Subarray Beam-Space Adaptive Beamforming for a Dynamic Long Towed-Array

Abstract

In the fast time-varying shallow water environment the phone-space adaptive processing using sample-matrix-inversion (SMI) approach outperforms the iterative least-mean-squared (LMS) approach due to its rapid convergence. The SMI approach uses singular-value-decomposition (SVD) to decompose a sample-matrix into a set of spatial eigenvectors and their associated eigenvalues Adaptive beamforming is applied by matching the steering vectors with the spatial eigenvectors weighted by their eigenvalues.
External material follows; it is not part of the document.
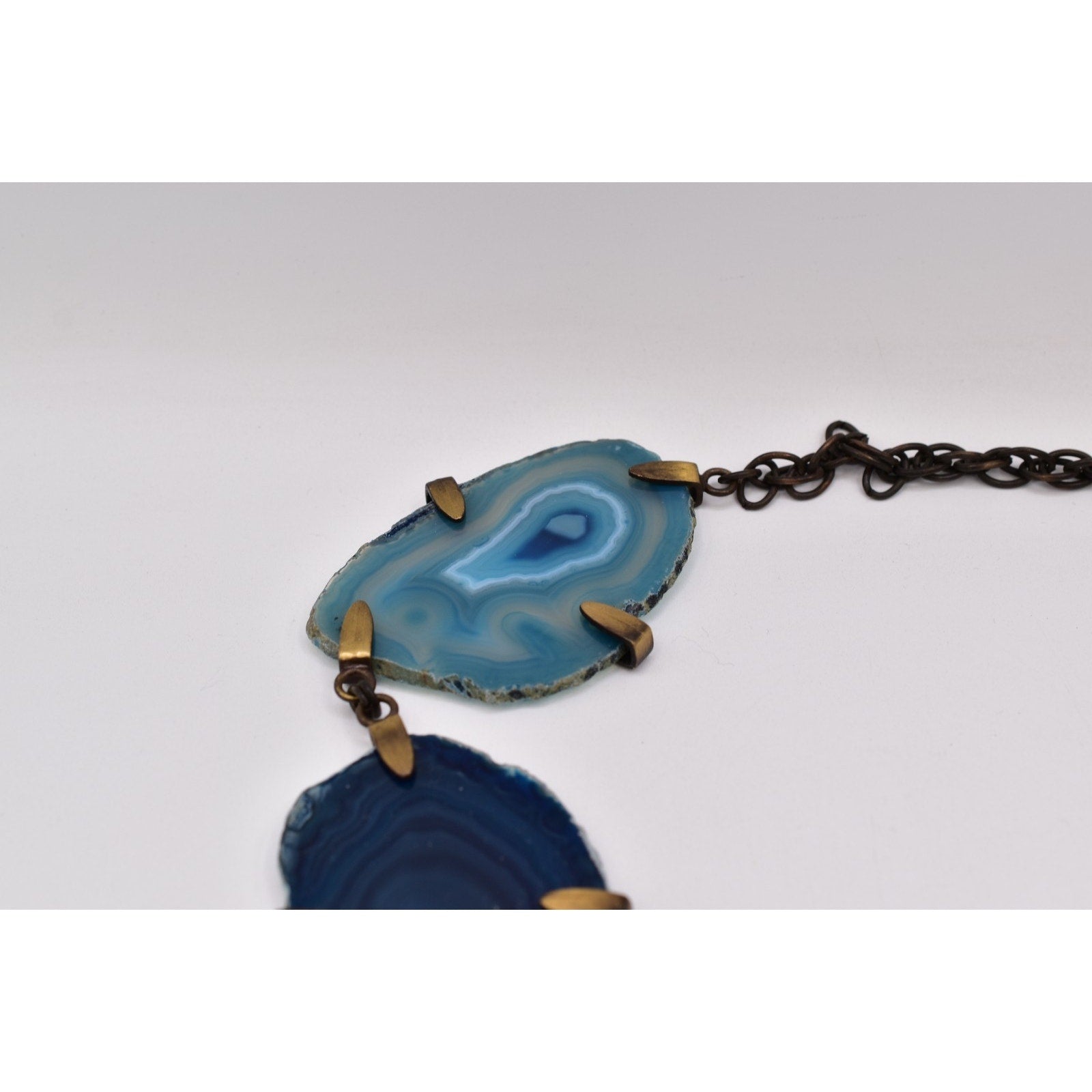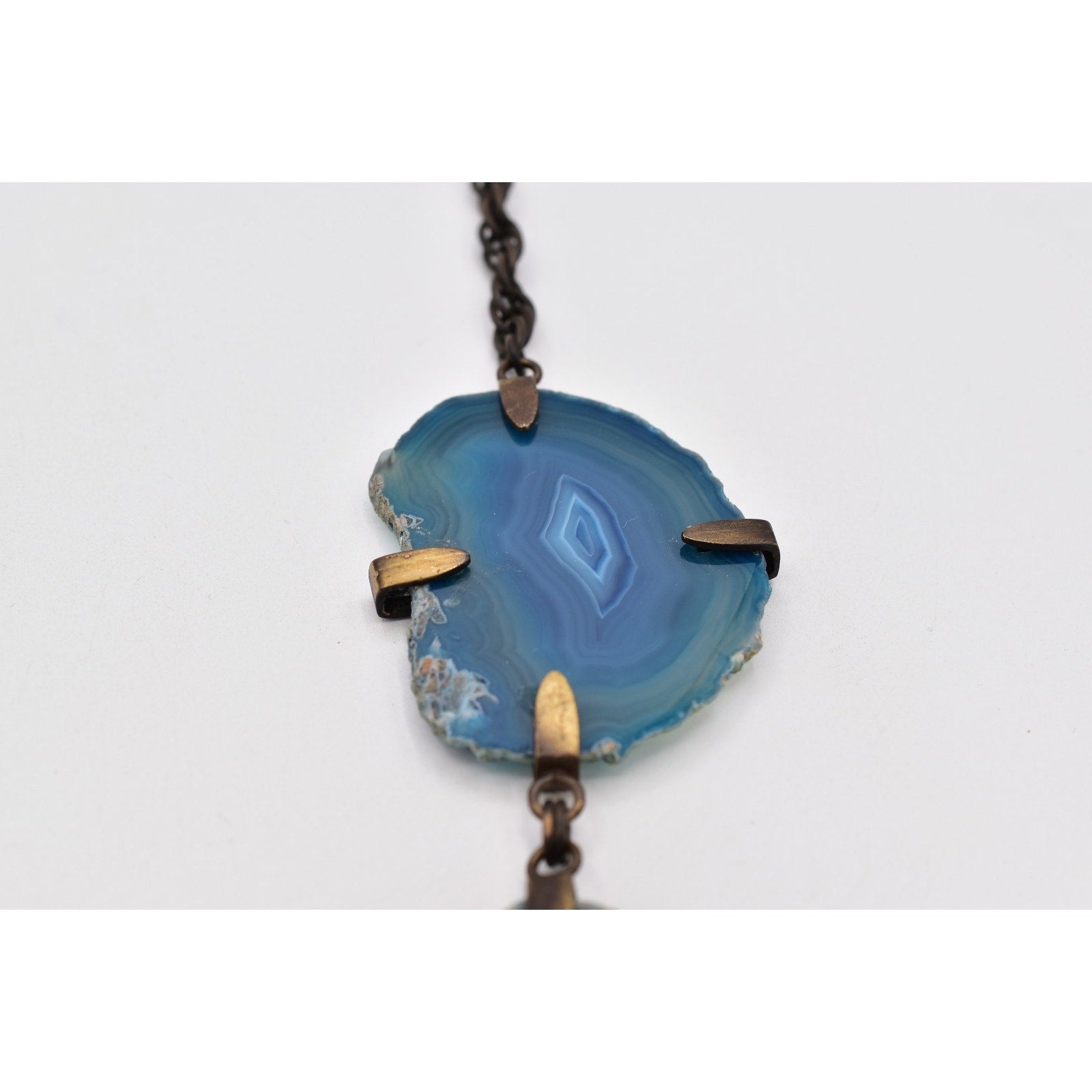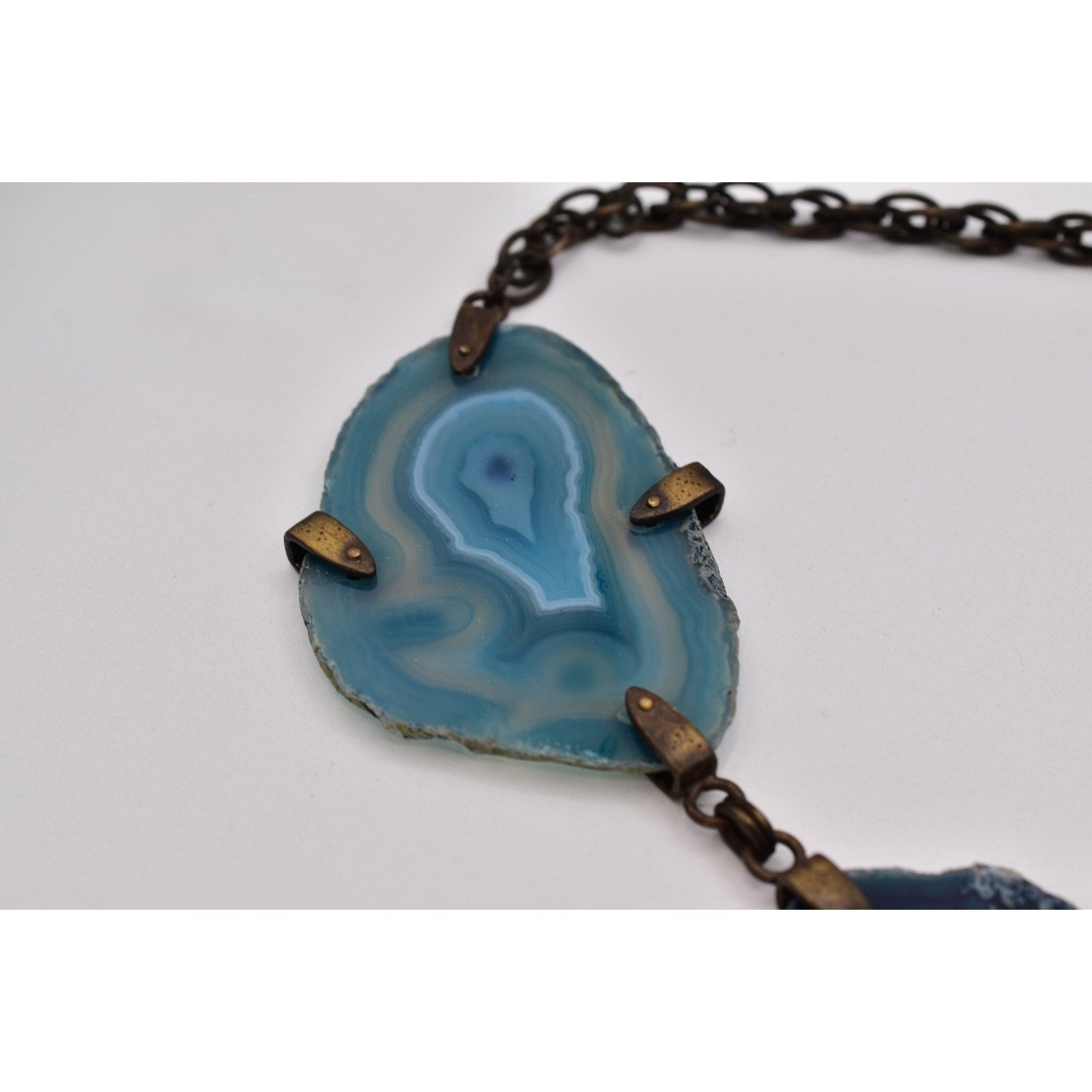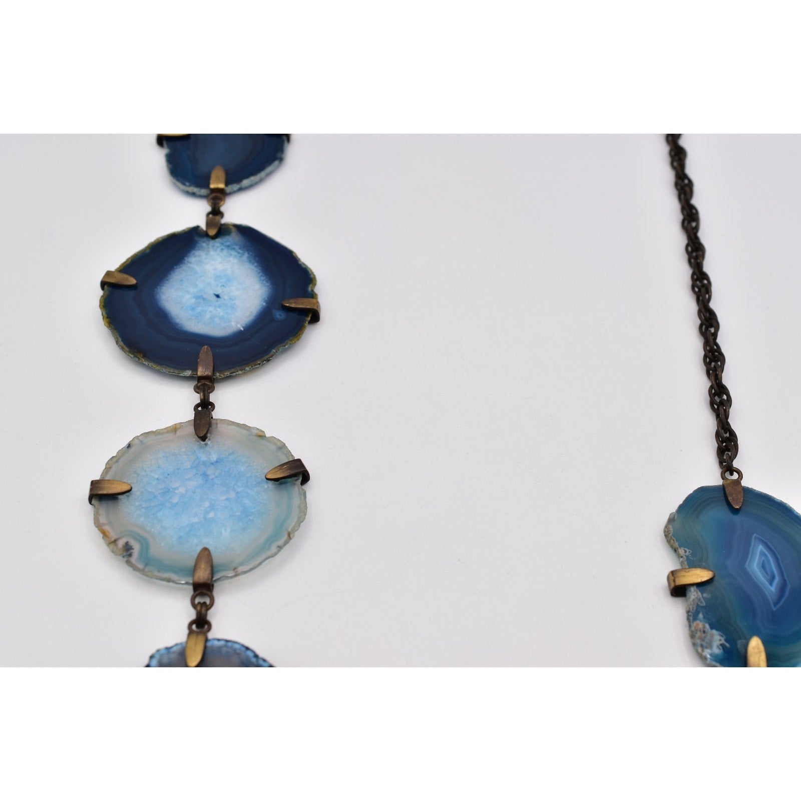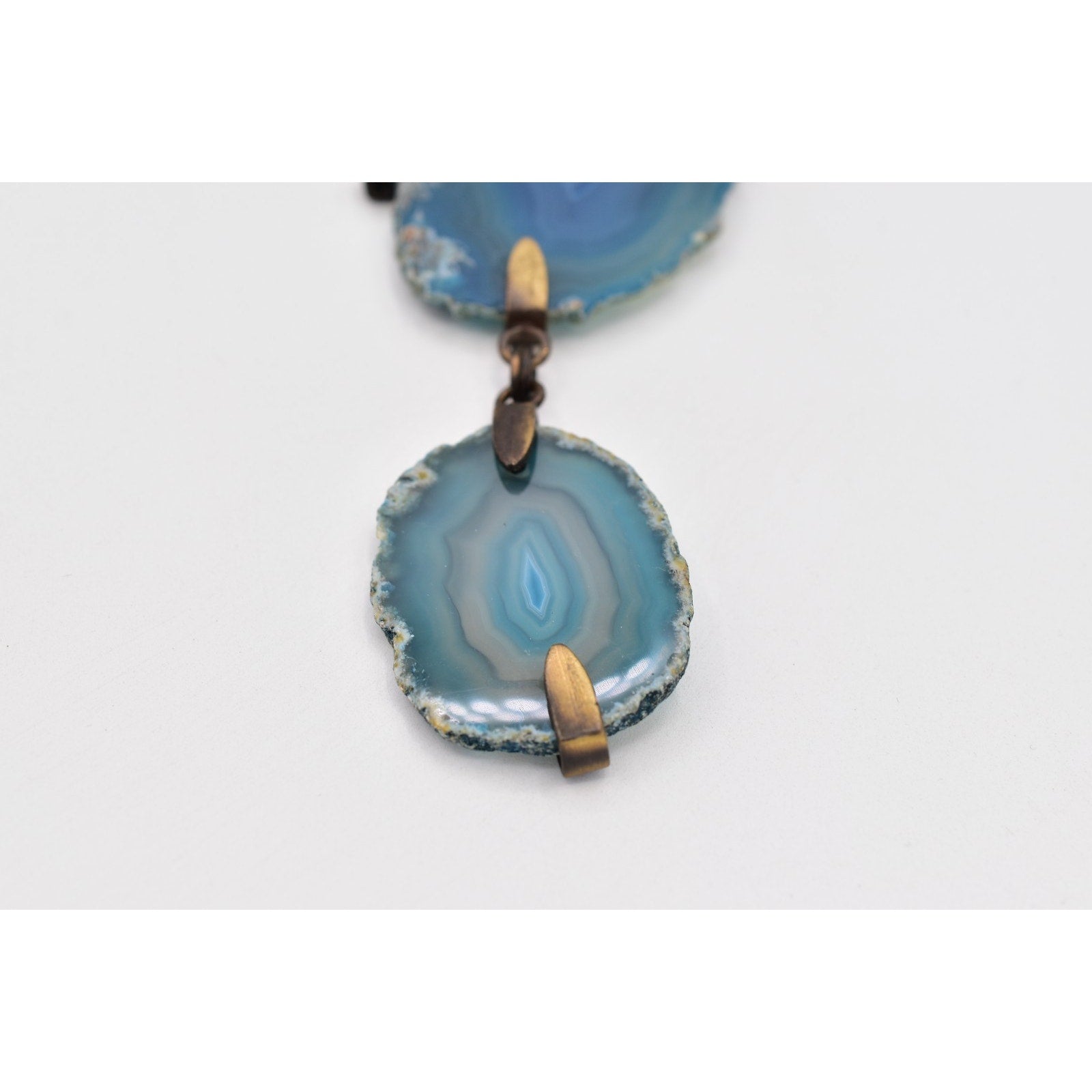 Beautiful vintage statement belt featuring natural blue agate slices linked together with heavy gold-tone connectors. Each stone is unique, showcasing organic patterns, rich color, and natural texture. A bold 1970s accessory that can be worn at the waist or hips for a striking boho-meets-glam look.

When a long towed-array undergoes significant maneuvering the array shape and/for the target-to-array relative geometry changes rapidly within a processing interval. A signal in the phone-space sample-matrix is split into more than one eigenvector resulting in signal mismatch in the subsequent beamforming. Its power is split into many eigenvalues resulting in signal loss in the processing. In subarray beam-space adaptive beamforming (SABS ABF) a beam-space sample-matrix is formed at each search cell by focusing subarrays to a cell using the dynamically updated array shape at each time step. The SMI adaptive beamforming then is done by decomposing the beam-space sample-matrix and matching the beam-eigenvectors with a unity steering vector. The beam-space sample-matrix has a lower rank than the phone-space sample-matrix so that a stable estimation can be reached with fewer time samples. The dynamic array shape compensation in SABS ABF makes a signal in the beam-space sample- matrix less likely to be split by the SVD. The subsequent processing after the SVD experiences less signal mismatch and signal loss. A dynamic cable model is used to simulate a long towed-array going through turns in a measured shallow water current field. Simulations show that significant signal loss in phone-space SMI processing is recovered in SABS ABF processing.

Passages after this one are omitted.